Keep in mind, this doesn’t include the economic dislocations that mining always brings. There would be significant economic costs, including lost jobs, closed businesses, and reduced personal income in other sectors as a result of copper-nickel mining. Several studies suggest the economic balance sheet could be a wash, at best.

I recognize that this is more about culture than economics, and about the inevitable friction that every region experiences due to demographic change that isn’t necessarily in sync with the priorities of prior generations.

We hear all the time from area politicians that mining is the way of life in this region. That may have once been a defensible argument. It’s not anymore. Even if you exclude Duluth, mining and related jobs make up barely five percent of the workforce in our region. Don’t the other 95 percent of us count?

The cultural divide may have been manageable in the past because the new way of thinking was still in the minority. But the times have changed. David Dill beat Bill Hansen in the 2002 primary, despite Wellstone’s support for Hansen. But Hansen would easily have won that race today because the electorate is no longer the same. Indeed, in the primary against Rob Ecklund in 2015, Hansen won handily within the boundaries of the old District 6A. Recent polls show an overwhelming majority of DFLers are increasingly skeptical of copper-nickel mining. And so are many Republicans, according to Stewart Mills III, who recently published a column on the topic.

The DFL could have negotiated this demographic shift with the right kind of leadership. Instead, the party appears to be breaking up over what is a relatively minor economic issue from a regional perspective because area politicians have opted to portray concern for the environment and the promotion of an alternative vision of economic development as an existential threat to the region and its way of life.

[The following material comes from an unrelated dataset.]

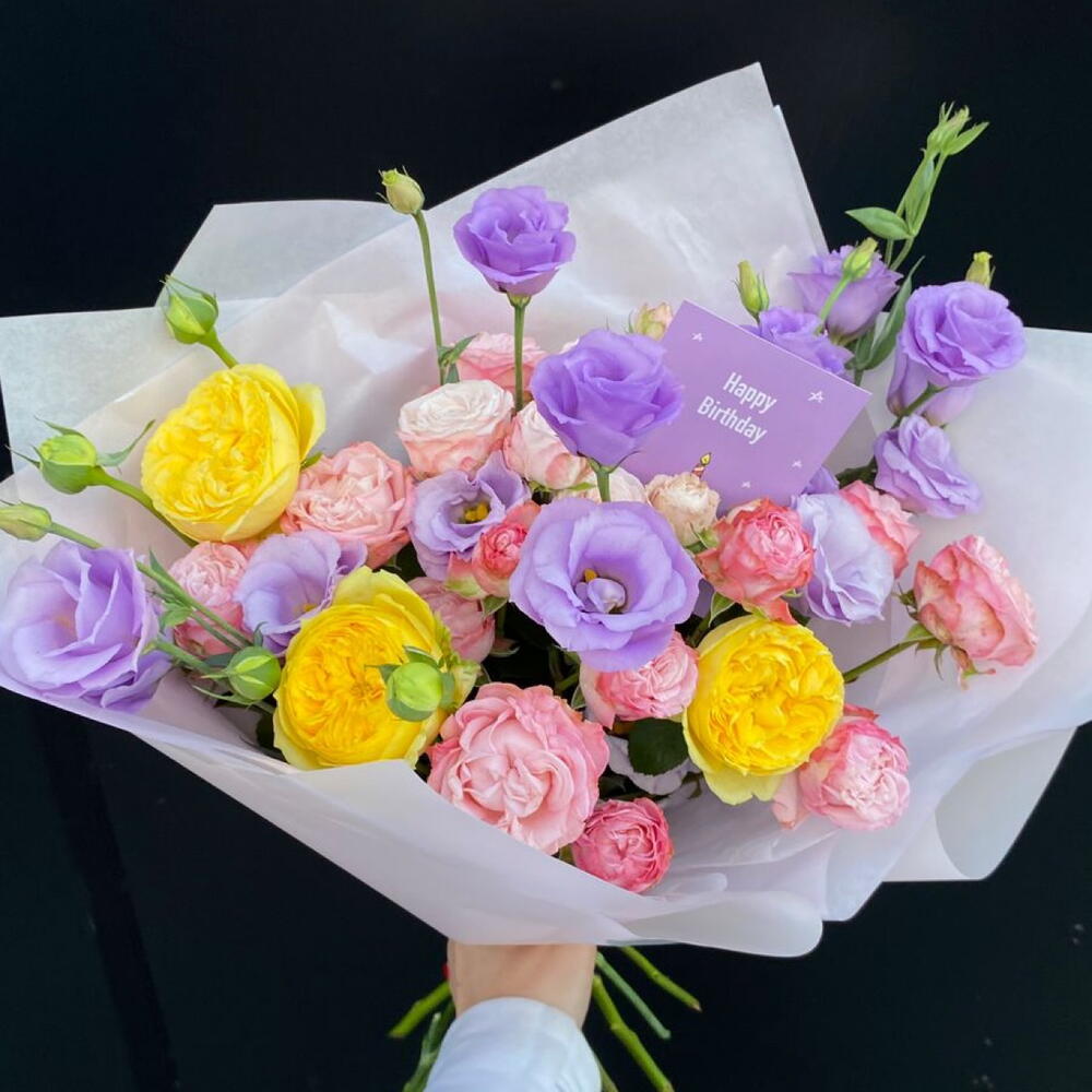 Гвоздики, Лизиантусы, Розы, Тюльпаны

What is even more astonishing, is that this breakup is taking place over an issue on which residents of the area actually have very little say. All the political support in the world won’t bring copper-nickel mining to northeastern Minnesota. Investors, mostly foreign, will be the ones who decide that question, and it will be based purely on economic considerations that look increasingly sketchy these days. Copper-nickel mining could simply be another in a long line of Iron Range development proposals that raised hopes before going bust.

The DFL, in other words, could very well be destroying itself over absolutely nothing.

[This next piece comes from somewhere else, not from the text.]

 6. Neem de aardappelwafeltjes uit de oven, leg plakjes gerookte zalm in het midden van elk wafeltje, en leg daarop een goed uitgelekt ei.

A visonary leader, like Paul Wellstone, would have avoided such a debacle, by keeping DFLers focused on the big issues, such as the fundamental lack of economic fairness baked into the American economy writ large— an issue that affects everyone in northeastern Minnesota.

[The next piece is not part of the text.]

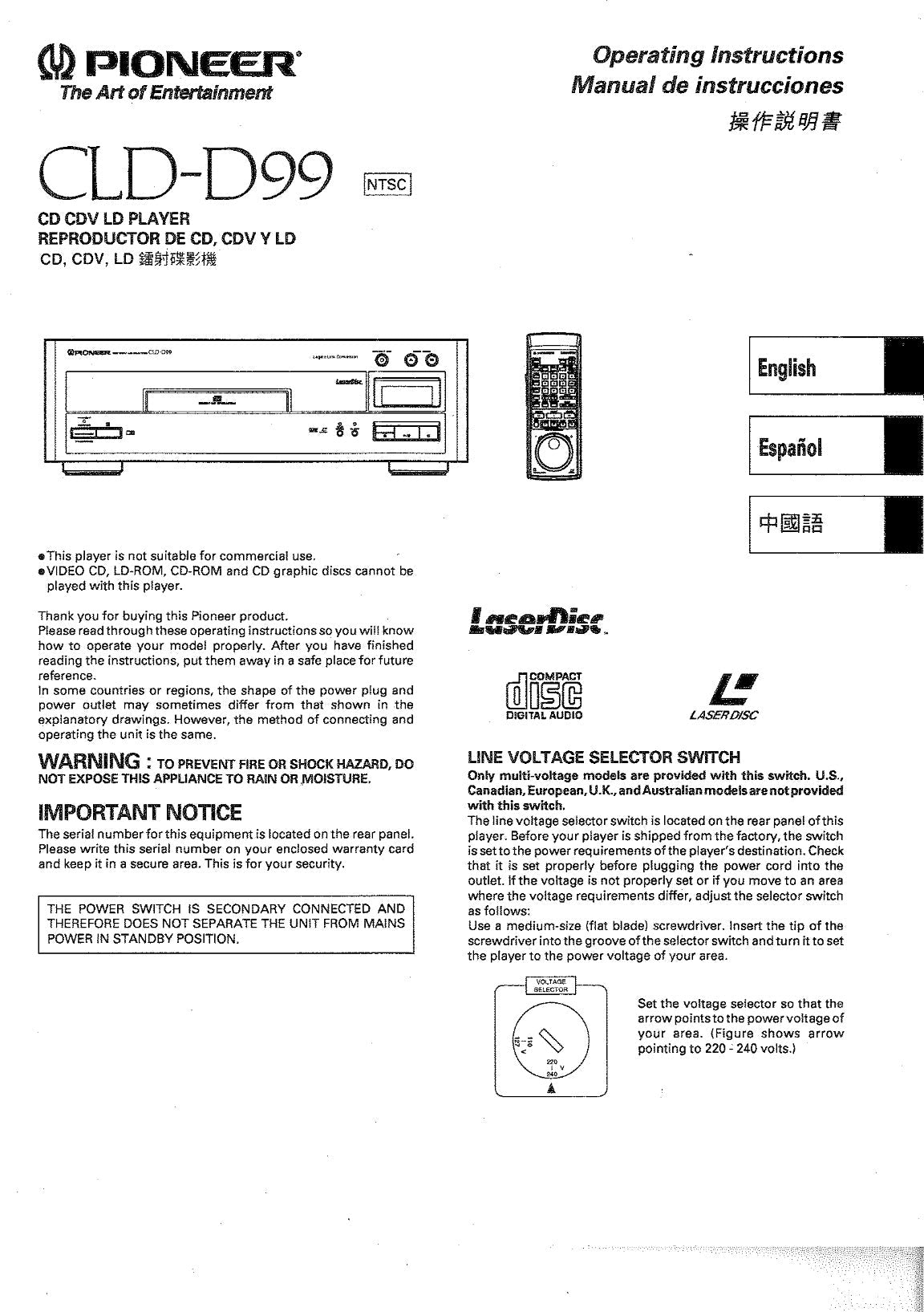 PIONEER CLD-D99 Laser Disc Player Owners Instruction Manual

If our current political leaders won’t focus on repairing the damage, the DFL governing coalition likely won’t survive— and that will have wide-ranging repercussions for the region. The Iron Range has enjoyed outsized political influence for years in Minnesota because it was closely-aligned with the DFL and because its residents turned out to vote in high numbers in DFL primaries, and often made the difference for the party in statewide general elections.

The day the Iron Range starts voting like the Red River Valley or the Brainerd Lakes region is the day that its vaunted political clout goes up in smoke. That’s the day when Iron Range politicians lose influence in the Legislature and the economic woes on the Iron Range lose their potency as a political issue in St. Paul. To risk all that over a likely meaningless fight over copper-nickel mining is madness. It’s time that DFL leaders work to fix the damage. It’s time they stop living in the past.